For many years, Americans were able to hold money in offshore accounts without worrying about being prosecuted by U.S. authorities. All of that has changed in the past few years. Since the United States began its intense crackdown on undisclosed offshore accounts in 2009, it has used its long-arm to force foreign banks intro compliance with U.S. tax regulations.
One of most effective tools has been the Foreign Account Tax Compliance Act, commonly referred to as FATCA, which requires each foreign financial institution to report information about its American clients to the Internal Revenue Service. This, combined with several highly publicized cases of U.S. authorities criminally and civilly prosecuting Swiss banks, has caused a chill among foreign banks. Many foreign banks are now hesitant to engage in dealings with American taxpayers altogether.
Long known for its strict privacy laws with regards to banking, Switzerland has fallen under the microscope of the federal government more than any other country in this recent initiative.

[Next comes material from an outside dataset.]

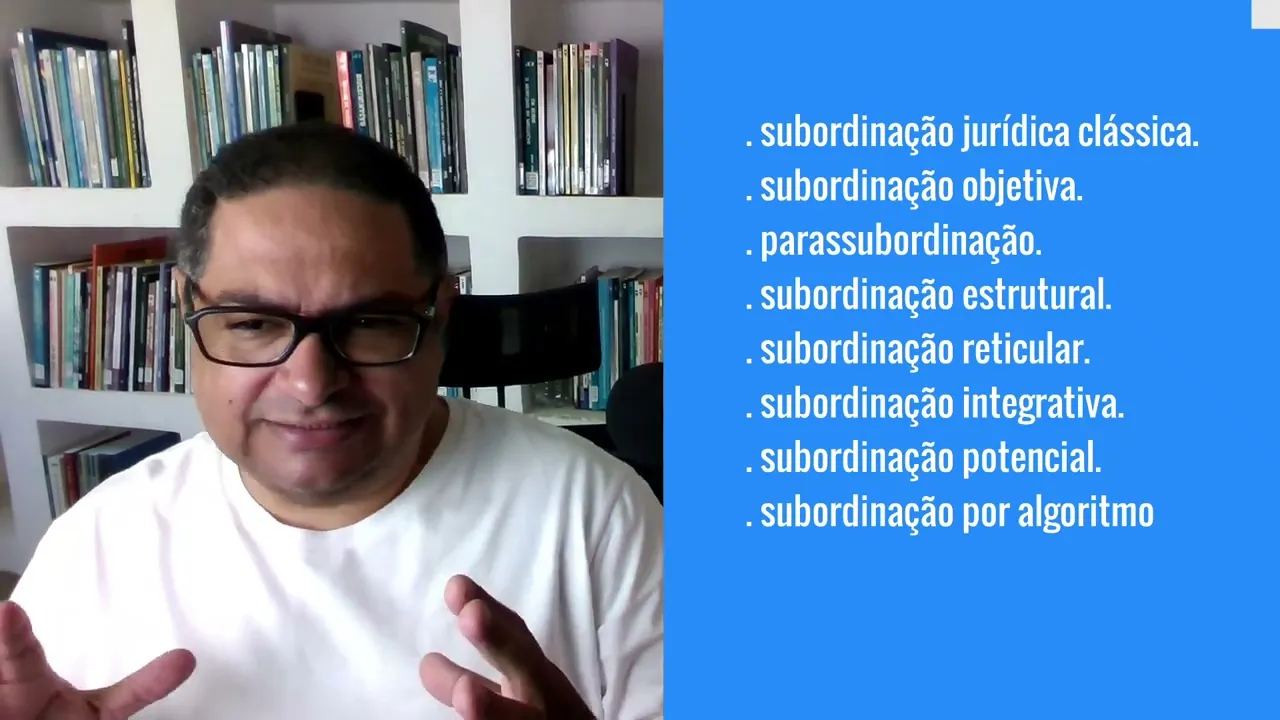 se ele se integrar naquela atividade estruturalmente faz com que ele possa ser demandado por ordens diretas e essa subordinação em potência faz com que ele esteja subordinado aqui mais uma vez o Retorno à subordinação objetiva e a subordinação estrutural e aí uma subordinação é impotência ele pode ser demandado por em por ordens diretas ele pode vir a receber ordens diretas então ele está potencialmente subordinado por último e talvez a que mais vai nos trazer enfrentamentos no futuro a subordinação por algoritmos ou subordinação algorítmica ela se estrutura né naqueles contextos de economia da tecnologia digital em

In 2009, UBS AG paid a $780 million fine and turned over the names of its American clients to U.S. authorities, in a deal to avoid criminal prosecution. Since then, other Swiss banks have either been successfully prosecuted by the United States or have been scared into complying with the demands of the U.S. government. A recent example is Wegelin & Co., which was the oldest bank in Switzerland until it shut down this year after pleading guilty to charges of tax evasion and money laundering in a United States District Court.
Switzerland is not the only country that is cooperating with the United States to identify Americans with undisclosed offshore accounts. Nineteen countries have either signed agreements with the United States to provide information about American account-holders or are in final negotiations to do so. These countries include the UK, Spain, Mexico, Canada, Cayman Islands, Italy, Bermuda, Germany, and others. Many more countries have begun exploring the possibility of following suit.
Under U.S. law, American taxpayers (citizens and permanent residents) must report all foreign income. Further, if more than $10,000 was kept in offshore accounts at any time during the year, a form referred to as the "FBAR" must be filed, disclosing all foreign accounts. Many U.S. taxpayers are simply unaware of these complex reporting requirements, rather than intentionally avoiding them. The penalties for non-compliance can be harsh. If the government believes that the failure was willful, criminal charges can be brought. Additionally, a civil FBAR penalty of the greater of $100,000 or 50% of the account balance can be levied. For failures that are deemed non-willful, the penalty can be less.
With a focus on future compliance, the IRS rolled out its Offshore Voluntary Disclosure Initiative in 2009, which allows taxpayers to voluntarily disclose their offshore accounts and pay taxes and penalties, in exchange for immunity from prosecution. The program was renewed in 2011 and extended on an indefinite basis in 2012, now referred to as the Offshore Voluntary Disclosure Program (OVDP).